> _Exercise instructions_: Print exactly the lines from the one that contains "美菲特M3803SDI-8分" through the last line of the material, both included, and leave out all pictures.

Segment Start: Input for this task

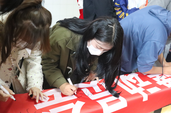 最后,赵颖作文明安全宿舍创建动员讲话,强调了开展此次活动的要求、目的和重要性,以及结合日常生活真实事例说明了建设文明安全宿舍的必要性,并对创建活动提出三点要求,一是参与创建活动的辅导员、学生干部、寝室长、同学落实落细创建内容,把每一项措施落到实处;二是强化纪律观念和规矩意识,强调对于违反学校规章制度的行为“零容忍”的态度;三是呼吁参会学生做文明安全宿舍创建活动的传播者、建设者和监督者,勇于亮身份树形象,引领新风尚。动员大会结束后,学生代表在横幅上签字明志并合影留念。
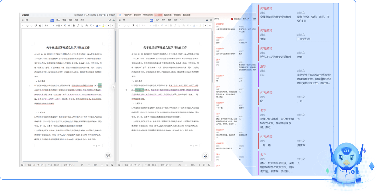 滾動(dòng)查看長(zhǎng)篇文檔比對(duì)差異,閱讀和修改差異內(nèi)容更方便
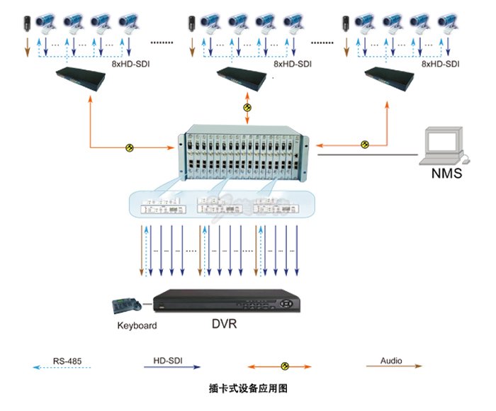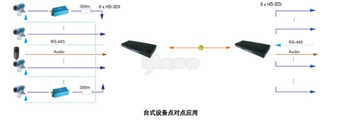 美菲特M3803SDI-8分为台式设备和插卡式设备,台式设备采用体积小巧的台式机设计,分为光发射机和光接收机,实现8路视频信号在光纤上的传输;插卡式设备作为集中式HS-SDI光接收设备,采用标准19英寸、4U插箱设计的RV600C机箱,可插入16张HD-SDI光接收盘(支持热插拔),与最多16个台式光发射机配合使用。同时提供1张网管盘,因此美菲特M3803SDI-8插卡式设备支持基于RS232简单CLI命令行管理方式和基于SNMP_V1/V2协议的智能管理平台,可以监控和分析多种设备状态信息,帮助用户快速发现和定位故障节点。
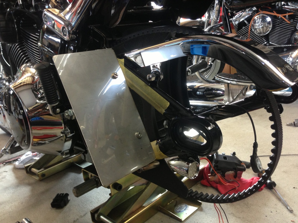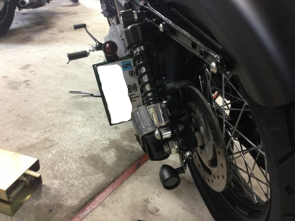 カッチョ悪いんで少しでも目立たなくスイングアームに移設。
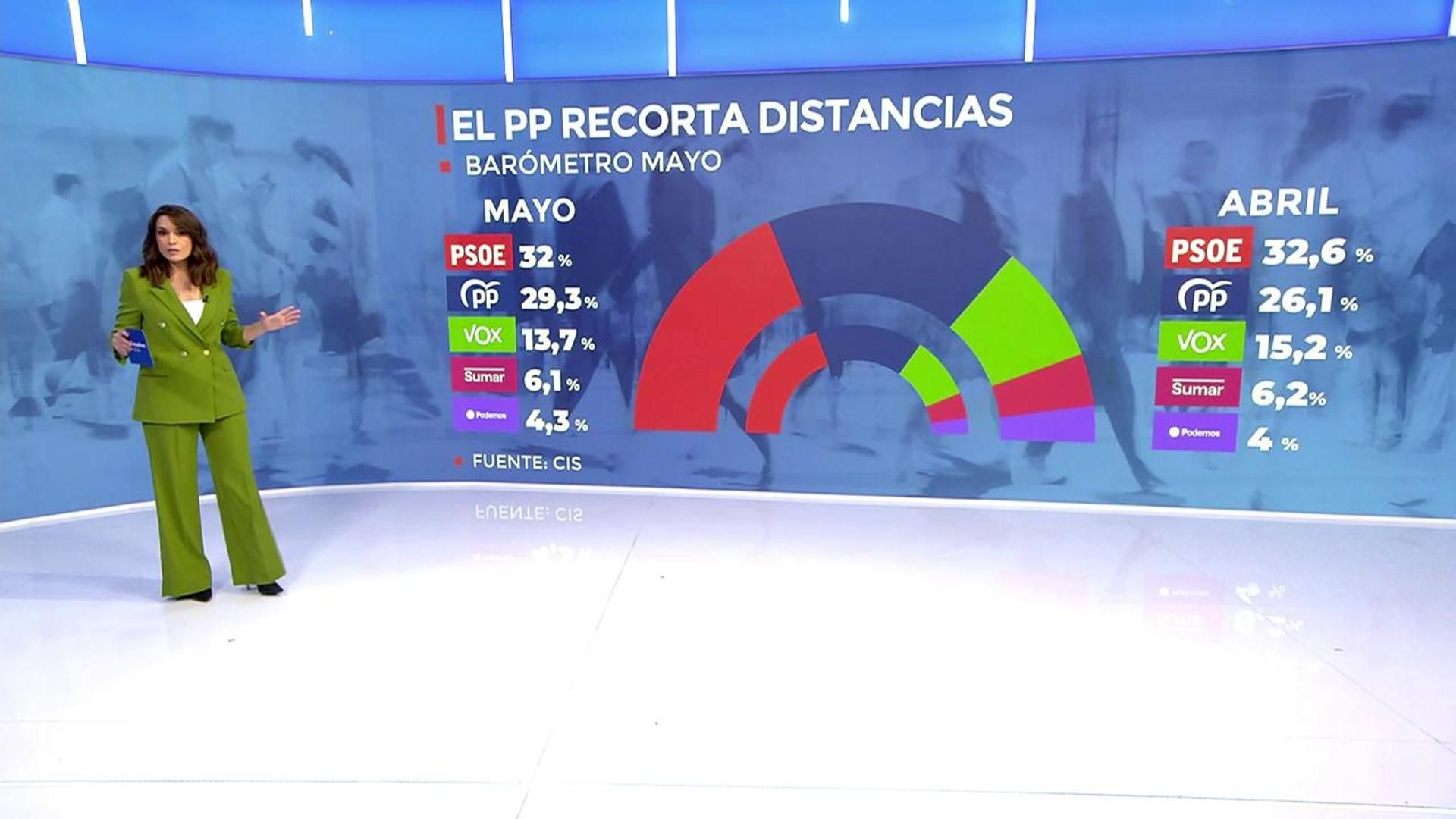 El PSOE sigue a la cabeza en intención de voto con el 32 % , pero el PP recorta la distancia que le separa de los socialistas a 2,7 puntos en el último barómetro del CIS, con encuestas realizadas justo después del gran apagón eléctrico y de las incidencias ferroviarias de comienzos de mayo.
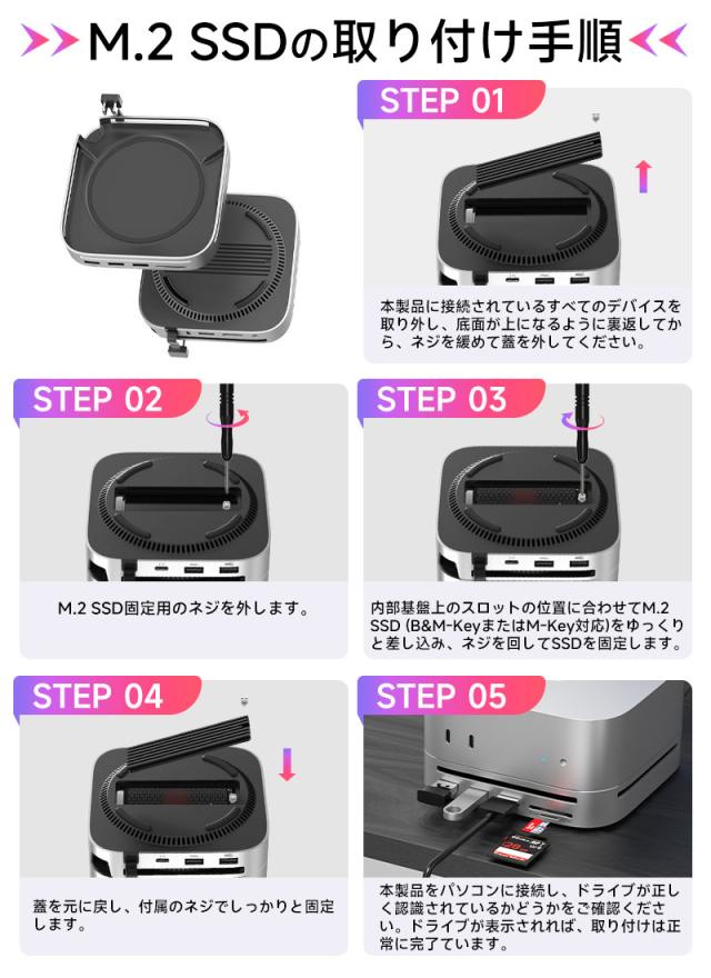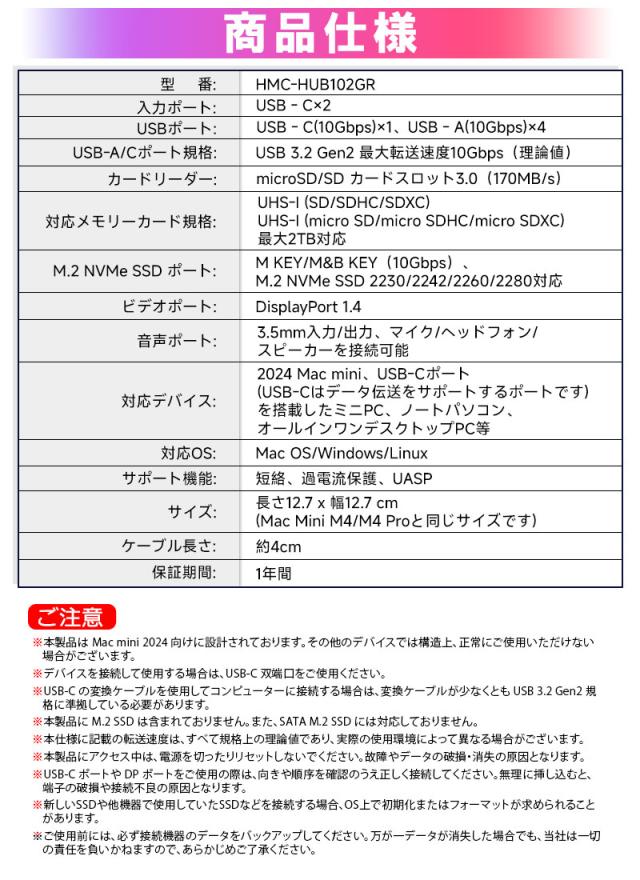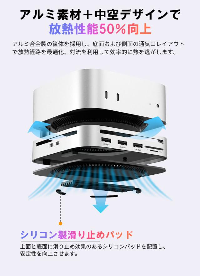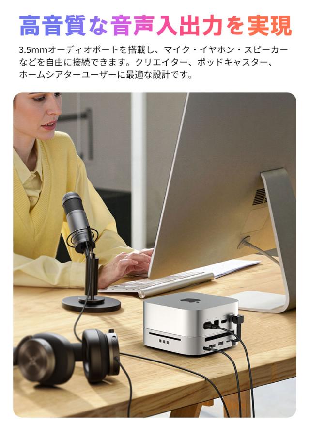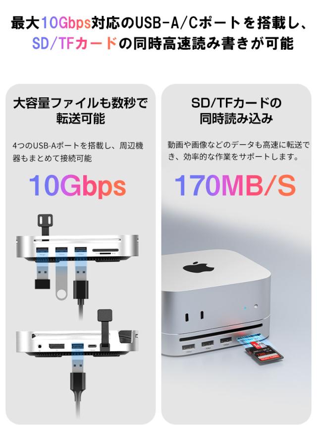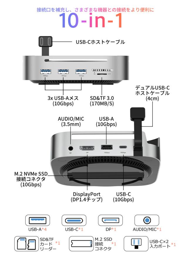 10in1全能型 Mac mini M4/M4 Pro用 USBハブ&スタンド 10Gbps SD/TFカードリーダー USB-A/C DP1.4 3.5mm Audio&Mic M.2 NVMe SSD 8TB拡張 宅配便配送 ポイント消化

Segment End: Input for this task

> _Exercise answer_:
 美菲特M3803SDI-8分为台式设备和插卡式设备,台式设备采用体积小巧的台式机设计,分为光发射机和光接收机,实现8路视频信号在光纤上的传输;插卡式设备作为集中式HS-SDI光接收设备,采用标准19英寸、4U插箱设计的RV600C机箱,可插入16张HD-SDI光接收盘(支持热插拔),与最多16个台式光发射机配合使用。同时提供1张网管盘,因此美菲特M3803SDI-8插卡式设备支持基于RS232简单CLI命令行管理方式和基于SNMP_V1/V2协议的智能管理平台,可以监控和分析多种设备状态信息,帮助用户快速发现和定位故障节点。
 カッチョ悪いんで少しでも目立たなくスイングアームに移設。
 El PSOE sigue a la cabeza en intención de voto con el 32 % , pero el PP recorta la distancia que le separa de los socialistas a 2,7 puntos en el último barómetro del CIS, con encuestas realizadas justo después del gran apagón eléctrico y de las incidencias ferroviarias de comienzos de mayo.
 10in1全能型 Mac mini M4/M4 Pro用 USBハブ&スタンド 10Gbps SD/TFカードリーダー USB-A/C DP1.4 3.5mm Audio&Mic M.2 NVMe SSD 8TB拡張 宅配便配送 ポイント消化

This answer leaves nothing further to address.